There was no advertisement in a newspaper about the job, just a sign hand posted on a telephone pole with a number to call. Globus told me he preferred to higher family members, and made it clear to me that my hours would be cut if any of his relatives arrived from overseas for a visit. I was okay with that, because I was on summer break from college and didn’t really want to have to work every day. When he said he wanted to pay me under the table, I was okay with that. I didn’t need traceable income fouling up my meager financial aid for school.
Mr. Globus was proud of the white and blue truck he had gotten as part of his hundred thousand dollar bargain. He made me wash the exterior and scrub inside every day before setting out on the road. Appearances mattered.
The truck was equipped with large chrome and steel refrigerator units with different types of soft ice cream in the back of the truck. The driver was also the salesman. There was a space where I could walk back from the driver’s seat to where the ice cream dispensers and sales window was. My job I was to drive around the area that was part of the franchise territory, going down streets and looking for groups of kids. I was told to hit playgrounds and school yards several times during my run since kids were likely to congregate there. I was to keep broadcasting a silly kid-come-hither tune weaved from chiming bells from an external speaker and pull curbside when flagged by a customer or when I thought sales were likely to be generated.

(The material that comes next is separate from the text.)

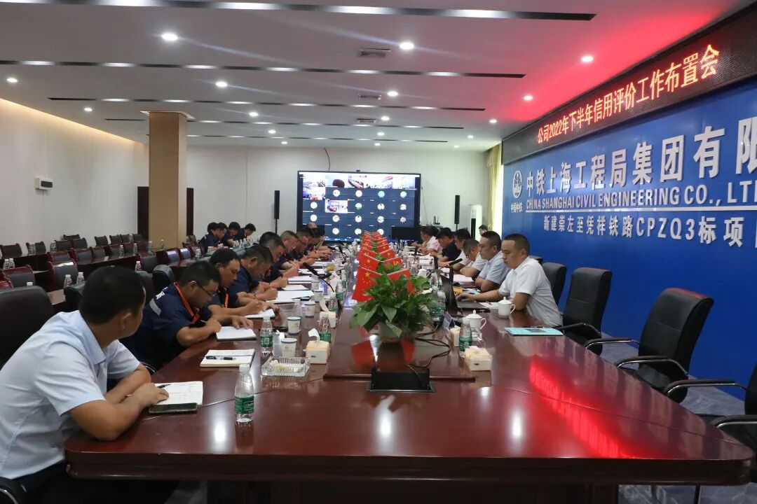 8月21日,公司2022年下半年信用评价工作布置会在崇凭铁路项目部召开。杭温铁路、贵南高铁、常益长铁路、炉慈高速、上横高速、南横高速、贵安高速、信阳高速等项目作为分会场以视频连线的方式参加会议 。公司总经理唐俊、总工程师何鹏、副总经理兼崇凭铁路项目项目经理刘强,公司相关部门负责人,各项目负责人、总工程师、安全总监共计56人参加会议。

The first day went okay. I didn’t mind making cones with or without sprinkles, mixing shakes or dealing with the kids. It was sort of fun. Every kid loves the ice cream man. What American kid didn’t fantasize about becoming an ice cream man? Few of the kids were snotty. A lot were impatient. Adults were worse, but there were not a lot of grownup customers, though a few mom and dads watched over the children’s purchases to make sure that they were not cheated or kidnapped. Most of the customers were under fourteen. They saw that I was young, and that seemed to make me cool in their eyes. It was a great job.

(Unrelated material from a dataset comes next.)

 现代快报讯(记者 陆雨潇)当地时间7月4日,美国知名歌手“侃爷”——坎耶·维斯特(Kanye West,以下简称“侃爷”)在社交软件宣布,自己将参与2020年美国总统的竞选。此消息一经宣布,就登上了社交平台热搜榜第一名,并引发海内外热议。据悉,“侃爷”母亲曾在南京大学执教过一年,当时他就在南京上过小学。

That’s not entirely true. There were a few things I did not like. There was a lot of driving. Exhaust fumes got sucked in whenever I opened sales window, and I’d have to breathe it. I got damned tired of the electronic jingle on the first day, but had to keep listening to it day after day. It penetrated through my headphones and is stuck in my brain to this day. The worst thing though was the creepy crawlies. I saw them climbing in and out of the ice cream spigots and scurrying across the floor. I was a trooper and kept a smile on my face for the customers, not letting on the kind of companions I had in my little truck.
When I got back to base, that is the driveway of the Globus house, that night after a run that had lasted from 1 PM to 11 PM, I told him about the bugs. He said he would take care of it, but was more concerned about the receipts.

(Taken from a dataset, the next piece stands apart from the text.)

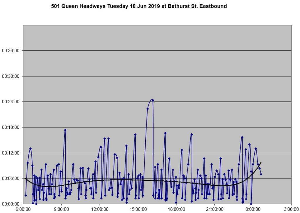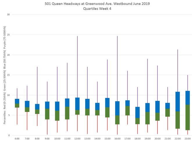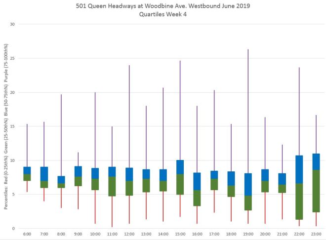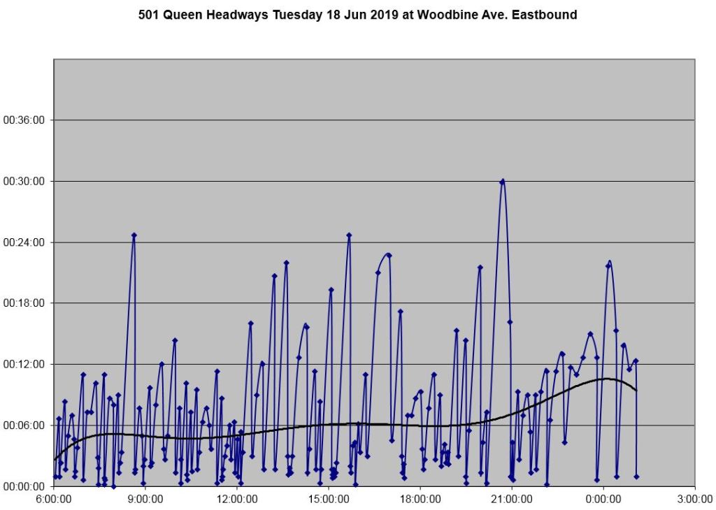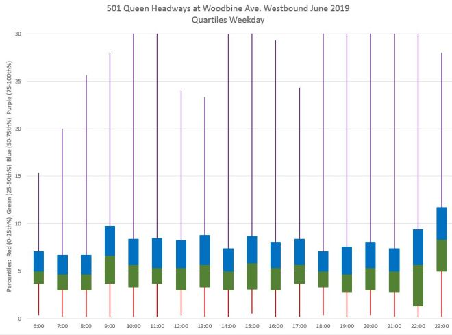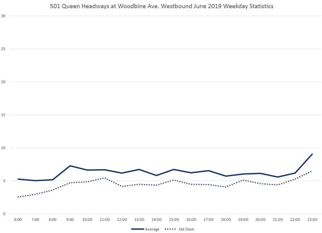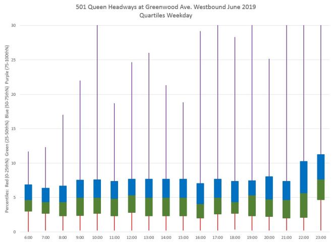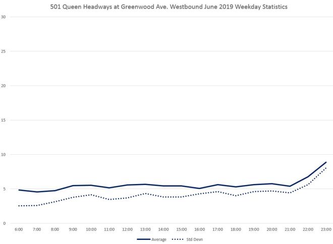 The chart below shows all trips westbound on Queen at two locations: Woodbine and Greenwood in June 2019. Time of day runs left to right, and the headway value bottom to top. Even without any formal statistical analysis, it is clear that most headways are smeared over a band from zero to ten minutes, and higher values are not uncommon.

“This is not enough,” he told me after counting the cash. “You need to sell more or you will ruin me.”
He told me if I did not sell more the next day, he would either have to cut my wages or replace me with someone who could do better. I didn’t have another job lined up, and I certainly didn’t want a reduction in what little I was earning, so I told Globus not to worry. It had just been my first day. I would do better tomorrow.
When I reported to work the next day, I washed outside of the truck and cleaned the inside of the truck. In the back near the ice cream dispensers I detected what smelled like a mixture of insecticide and air freshener. I thought this could not be good for the kids. I was about to say something to Mr. Globus when he yelled at me, “You still here? You should be out on the road making money.”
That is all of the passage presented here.